AI GatewayReviewed 2026-01-13
Token quotas for LLM APIs (per-user, per-project)
AI gateway token quotas for LLM APIs using per-user and per-project limits with audit-ready enforcement.
AI gateways are expected to enforce quotas. Policy Gateway adds per-user and per-project token limits to LLM traffic.
Attach policy_user and policy_project_id to enforce budgets and keep audit trails clean.
Definition
Token quotas for LLM APIs (per-user, per-project)
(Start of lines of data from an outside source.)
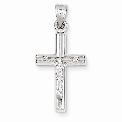 14k White Gold Hollow Crucifix Pendant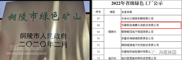 樅陽(yáng)海螺嚴(yán)格貫徹習(xí)近平生態(tài)文明思想,牢固樹(shù)立“呵護(hù)環(huán)境,協(xié)調(diào)發(fā)展,全力打造一流生態(tài)文明企業(yè)”環(huán)保理念,早在2009年就通過(guò)環(huán)境管理體系認(rèn)證,連續(xù)多年獲得安徽省“環(huán)保誠(chéng)信企業(yè)”、樅陽(yáng)縣“環(huán)境保護(hù)先進(jìn)集體”等榮譽(yù)稱號(hào),公司石灰石礦山通過(guò)銅陵市級(jí)“綠色礦山”評(píng)審并取得證書,于2019年通過(guò)國(guó)家級(jí)“綠色礦山”遴選,2022年,公司被評(píng)為安徽省級(jí)“綠色工廠”。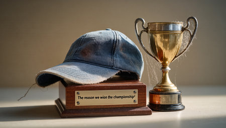 A worn cap rests beside a gleaming trophy, symbolizing hard-fought triumph.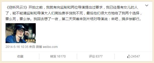 就这样一路走下来,到《窃听风云3》的时候,连吴彦祖自己也忍不了了, 说“(最初)我不知道演什么,但是我知道我一定会死。”以至于后来他演的每一部电影,我们采访时见到导演就问:“这次吴彦祖会死得比上次还惨吗?”(心疼……)

Token quotas for LLM APIs are AI gateway controls that cap usage per user, per project, or per tenant to protect spend and prevent abuse.
Why it matters
- Stop runaway usage before it explodes cost.
- Isolate budgets by product, team, or customer.
- Keep per-user audit trails for compliance reviews.
How it works
- 01Create a project and scoped key per app or tenant.
- 02Attach policy_user and policy_project_id on every request.
- 03Define user_quota and project_quota in policy JSON.
Runnable cURL snippet
curl https://api.abliteration.ai/policy/chat/completions \
-H "Authorization: Bearer $POLICY_KEY" \
-H "Content-Type: application/json" \
-H "X-Policy-User: user-8932" \
-H "X-Policy-Project: pro-plan" \
-d '{
"model": "abliterated-model",
"messages": [{"role":"user","content":"Summarize the latest invoice."}],
"policy_id": "quota-control"
}'Example policy JSON
{
"policy_id": "quota-control",
"name": "Quota control",
"owner": "Platform team",
"description": "Per-user and per-project token caps.",
"rules": {
"allowlist": ["billing", "support", "account"],
"denylist": ["credential theft"],
"flagged_categories": ["self-harm/intent", "sexual/minors"],
"response_pattern": "refuse",
"rewrite_instead_of_refuse": false,
"redact": true,
"reason_codes": ["ALLOW", "REFUSE", "REDACT"]
},
"org_controls": {
"project_keys": true,
"user_quotas": true,
"audit_logs": true,
"data_classification": "restricted",
"user_quota": { "requests": 60, "tokens": 5000, "window": "daily" },
"project_quota": { "requests": 30000, "tokens": 3000000, "window": "monthly" }
},
"rollout": {
"shadow": { "enabled": false, "sample_percent": 0, "targets": [] },
"canary": { "enabled": false, "sample_percent": 0, "targets": [] },
"rollback_on_spike": true
},
"refusal_replacement": { "mode": "refuse", "escalation_path": "policy-review@company.com" }
}Before and after
Before (no quotas)
User 8932 consumes 50k tokens in one hour with no limits.
After (Policy Gateway quotas)
decision: refuse reason_code: USER_QUOTA_EXCEEDED policy_user: user-8932 policy_project_id: pro-plan
Run the Policy Gateway simulator
Verify quota behavior and audit tags before enforcing limits.
Run a simulationFAQ
Frequently asked questions.
Can I apply quotas without changing prompts?
Yes. Quotas use policy_user and policy_project_id metadata, not prompt content.
Do quotas work with project keys?
Project-scoped keys map requests to projects, which makes quota enforcement automatic.